» Problem to work on:
From top to bottom, print the listing word for word and skip any pictures it contains.
[[ Raw data open ]]
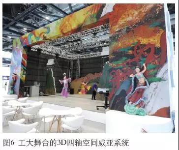 工大舞臺的展臺面積達到216 ㎡,為歷年之最,展臺的設計也獨辟蹊徑,突出體現了甘肅文化特色,把甘肅文化中的突出代表——敦煌莫高窟元素、大地灣彩陶文化呈現給廣大觀眾,有耳目一新的直觀感受(見圖6)。工大舞臺展出了3D四軸空間威亞系統、軌道飛行器以及平移、升降、旋轉吊掛系統等三項產品,體現了工大舞臺近幾年在技術研發上的成果。
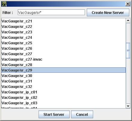 - A window with a list of all servers defined in TANGO database will be displayed.
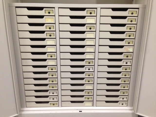 下段のトレイの数は3列15段で45種類の書類が収納可能です。
[[ Raw data closed ]]
» Answer below:
 工大舞臺的展臺面積達到216 ㎡,為歷年之最,展臺的設計也獨辟蹊徑,突出體現了甘肅文化特色,把甘肅文化中的突出代表——敦煌莫高窟元素、大地灣彩陶文化呈現給廣大觀眾,有耳目一新的直觀感受(見圖6)。工大舞臺展出了3D四軸空間威亞系統、軌道飛行器以及平移、升降、旋轉吊掛系統等三項產品,體現了工大舞臺近幾年在技術研發上的成果。
 - A window with a list of all servers defined in TANGO database will be displayed.
 下段のトレイの数は3列15段で45種類の書類が収納可能です。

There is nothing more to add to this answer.